The land of Cabin Without Internet has been invaded by a wifi hotspot provided by my father. For which I am quite grateful at 4 am when sleep eludes me. The room around me is dark and all the beds are filled with sleeping people. The only company I have is a ticking clock and a lonesome moth who thinks to be friends with my glowing screen.
Insomnia is a newer plague in my life. It travels with anxiety, and the past few weeks have been filled with needless anxiety. I have all this worry floating free in my head, just waiting for thoughts to which it can attach. This is one of the reasons that I organize, plan, and am so very good at my job. Knowing I’ve done all that I can do makes the ambient anxiety subside a little. On nights when I lay awake for hours–fretting over things that I know don’t need the attention–I ponder lifestyle and medication. Because one solution would be to restructure my life to eliminate anxiety triggers. The other would be to decide that for whatever reason my biology has deviated far enough from the norm that medication is required for me to be able to support a normal life. Then of course I can spend a long time pondering normal.

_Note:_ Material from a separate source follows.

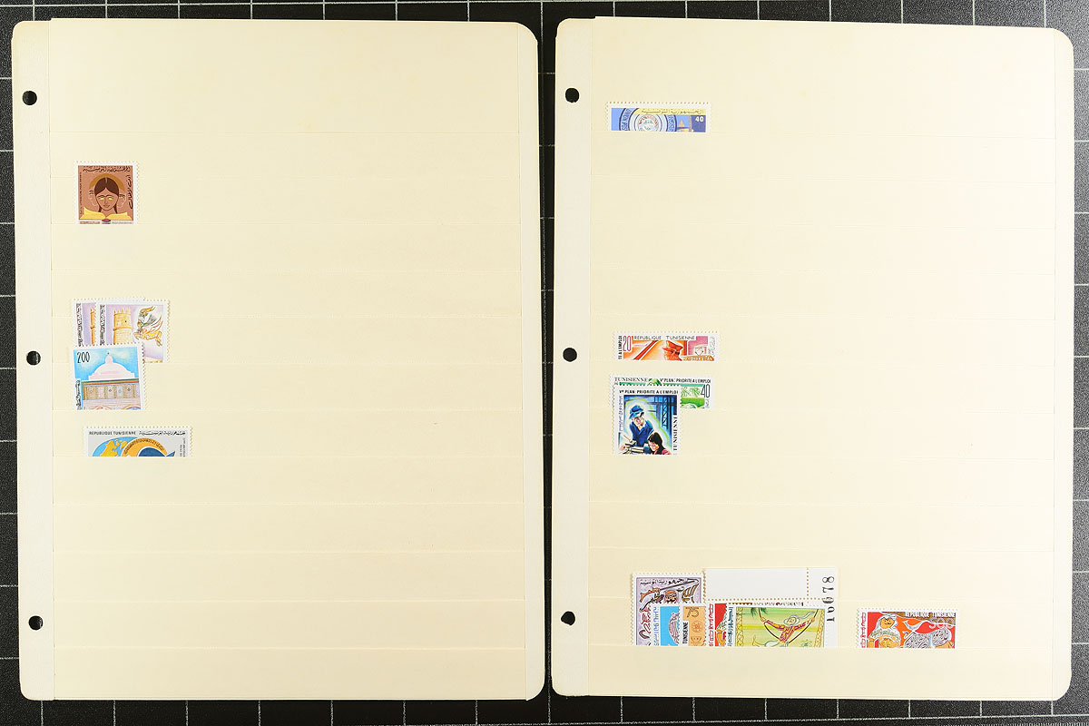 Part 2 of a clean and comprehensive mint accumulation on 27 manila stockpages. Includes many sets from 1962 to 1979. Lots of topical interest, better items here and there (blocks of 4 of #658-663). Quantities are up to 10 of a type and there is a mix of hinged and (mostly) never hinged material. A couple of thousand stamps here. You never see collector holdings of this size from this North African country. Estimate =

Mostly what I truly need is to get out of the dark hours of the night and into the next day when things are invariably better. For tonight this means emptying my brain of a few things by writing them down.
***
I looked at the map of where I was to go. It was a wiggly line right through a green patch of national forest. The much straighter road was closed due to fire and landslide. Google maps gave me two different sets of instructions neither of which matched the verbal instructions offered by my aunt. But we drove anyway, trusting that where there were roads we could at least find our way back. Driving an unfamiliar route makes me a little nervous. Canyon roads with steep drop offs require focused attention, not only to keep the car on the road, but also to keep my imagination from supplying imagery of what would happen if I drove carelessly just there. Throw in an intermittent torrential rain, and the last hour of my drive was quite interesting. But we found the cabin and all is well.
***
“You have to come see this Aunt Sandra!” Three sets of eyes were focused on me. Gleek, Niece7, and Niece7A all were quite intent upon showing me their fairy circle. I was given a tour through the enchanted grove, the fairy circle, the boundary, and led to the place where a deer died some years ago leaving only bones behind. The girls were solemn as they showed me the bones. They informed me that the rain was because the sky was crying over the deer. Then they dashed back through the trees to their fairy circle. For them the trees around the cabin are a magical realm. They become fae, fairies, and mermaids. I shall be quite interested to see the game involve to include additional cousins as they arrive. Gleek shapes the game, names the places, makes declarations. The younger girls are quite happy to be led and add their own embellishments. They are going to have a magical weekend. I watch the three of them together. Gleek is a head taller than the other two. She is eleven and it is quite possible that this summer is her last one as a child. Some girls still play pretend at twelve, but for this summer I am glad to see that Gleek can still imagine a whole realm into existence. I wish I could photograph the woods as she imagines them to be.
***
I rather like the quiet and the dark now that I am being awake in it instead of fruitlessly attempting to sleep. It is almost like I can absorb the solitude into my skin like a balm. I feel it soak in, and something coiled tight begins to unwind. For this hour I am free of expectation. I do not disappoint anyone, not even myself. It is strange that this freedom is so tangible even when I know that most of the weight I feel from expectation is things I put on myself. I am the only one who expects me to get everything right all the time. Perhaps the insomnia is my inner self rebelling against all the things I assign myself. It seeks the quiet dark which is timeless and alone. Dark is not required. I find some of the same feeling when I sit on my front porch in the evening or my hammock swings at any time of day. It is probable that a good portion of my summer stress is merely introvert starved of solitude.
***
My thoughts unwind and slow. Perhaps sleep will come to me now that I’ve slowed down enough for it to catch up.